Like most people, I've enjoyed the
James Bond films my entire life. They're the ultimate in action adventure
bloke-flicks. When I became aware of it I also realized the films, and the
books they're based on by Ian Fleming (Fleming himself has an interesting
background, see: http://hpanwo-tv.blogspot.co.uk/2015/03/helen-duncan-wartime-psychic-jailed.html),
are inherently very politically incorrect and put up a brave resistance to
cultural Marxism. However not all the films live up to the quality I expect
from the franchise, especially those later in the series. The cause of this
decline has been mostly bad casting for the eponymous character; Timothy Dalton
was a particularly awful choice. In 2005 Pierce Brosnan, a reasonable Bond, was
replaced by Daniel Craig. Craig's first film was Casino Royale (not to be confused with the official 1967 spoof with
that title). I didn't think it was very good and the next one, Quantum of Solace, was truly poor. This
was despite the bright spark of Judy Dench's brilliant performance as
"M", head of the secret service and Bond's boss. At that point I gave
up watching Bond cinema releases altogether. However, after Sam Mendes became
the director the films have dramatically improved. I watched Skyfall on DVD and really liked it. Then
came Spectre.
Spectre was released
last year as the most expensive James Bond film ever made. It also featured the
world's biggest pyrotechnic explosion ever seen in cinema. The title of the
film refers to the organization "SPECTRE". It is an old nemesis of
James Bond, an international criminal network last appearing in Diamonds are Forever in 1971. It is run
by an evil genius called Ernst Stavro Blofeld, famous for being accompanied
everywhere by a white cat. The film Spectre
has all the features I've come to enjoy from Bond; great camerawork and
excitement, stunts and special effects, emotion and sensuality, intrigue and
mystery. However, this film caught my eye in a way none of the others have
before because of its breathtaking conspiratorial awareness. Paranormal and
anti-New World Order themes have appeared in James Bond stories before; for
example in the aforementioned Diamonds
are Forever in which Bond infiltrates a secret laboratory that appears to
be faking the Apollo moon landings, see: https://www.youtube.com/watch?v=Y03zBX_q4TM
(See here for more details on the subject of the fake moon landings: http://hpanwo-radio.blogspot.co.uk/2016/03/programme-179-podcast-marcus-allen.html).
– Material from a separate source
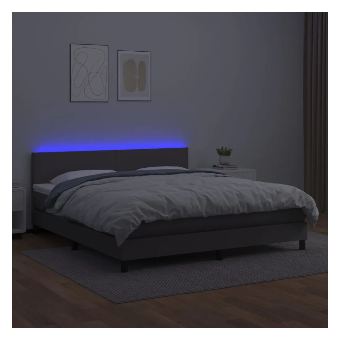 Utilisez ce sommier tapissier avec matelas et LED pour profiter d'un sommeil réparateur ! C'est le point central de votre chambre à coucher. Similicuir durable : le similicuir de qualité supérieure est un matériau très durable. Il est résistant aux taches, ce qui le rend facile à nettoyer avec un chiffon humide. La surface lisse donne également un aspect luxueux et la beauté du cuir véritable.Tête de lit pratique : la tête de lit est réglable en hauteur selon vos préférences. La tête de lit vous offre un excellent soutien du dos lorsque vous êtes assis dans votre lit pour lire ou regarder la télévision.Bande LED colorée : apportez de l'éclairage dans l'obscurité avec des lumières LED colorées !Matelas à ressorts ensachés : le ressort ensaché individuel intégré est connu pour sa très haute qualité tout en assurant un haut niveau de durabilité et d'adaptabilité. Il peut absorber efficacement le bruit et les chocs causés par les sauts et les rotations.Protège-matelas doux pour la peau : le protège-matelas est recouvert d'un tissu résistant et doux pour la peau, ce qui le rend souple et confortable. Remarque :Pour des raisons d'hygiène, le matelas ne peut pas être retourné si l'emballage est retiré ou ouvert.Chaque produit est livré avec un manuel de montage dans la boîte pour un montage facile.Seule la partie avec un symbole de ciseaux peut être coupée et seule la partie avec l'USB continuera à fonctionner comme avant.Ce produit est doté d'un connecteur USB, mais la source d'alimentation certifiée de USB 5V n'est pas incluse.

In Spectre there is far more than
just a hint. In the storyline, MI6 is about to be closed down because the
government want to amalgamate it with an international intelligence agency
called "Nine Eyes" which would use all the latest intelligence technology
to monitor the entire world under a complete electronic surveillance grid;
"George Orwell's worst nightmare" as one of the characters says in
the script. The changeover is being managed by a youthful and obnoxious bureaucrat
called Max Denbigh, codename "C"... presumably because he's a total
one! "C" intends to make Bond and his colleagues "M",
"Q" and Miss Moneypenny redundant. Bond's conflict with "C"
is one I sympathize with totally. In any large modern institution, like the NHS
in my case, especially nowadays, old veterans will inevitably find themselves
being ordered about by young whippersnappers fully-loaded with academic
qualifications and all the attendant pomposity, but with no experience of the
job. C's objective is for all the existing national intelligence groups to
become part of his new international organization. He holds a meeting in which he openly says he wants a "New World Order", with all the agencies. All of them agree to sign up except one, South Africa . A short time later a "terrorist bomb" explodes
in a city centre in South Africa and the viewer is left in no doubt that this is a false
flag attack carried out by C, meant to act as a warning to the country and
punishment for not joining his "Nine Eyes". This is an astonishing
new element which is growing in cinema generally, with movies like V for Vendetta and Hitler- the Rise of Evil. I never expected the James Bond films to
follow suit. Predictably it turns out that C is really working for SPECTRE.
Previously portrayed as a mere organized crime family, in this movie it plays a
role that is similar to the Illuminati, having secret meetings in Rome and with
its own people in covert positions, like C, and with a long term geopolitical
agenda. It also has the power to censor Google Earth. SPECTRE's headquarters
lie inside a volcanic crater, like they did in You Only Live Twice, but this time it is in the middle of the Sahara Desert not Japan. However it can't be seen online by ordinary
internet users. There are other themes such as the use of nanotechnology in the
form of miniscule robots that Bond has injected into his bloodstream by Q...
Goodness knows what C planned to do with them! There's a clear message in the
story about the potential for abuse when it comes to sophisticated electronic
advancement. I wonder who gave Spectre's
production team the idea to include these plot devices into the film. Are they
trying to give us clues to make the viewer think alternatively, without making
it too obvious that they're doing it? Why not? Lots of other people in the
media and the arts are currently doing so.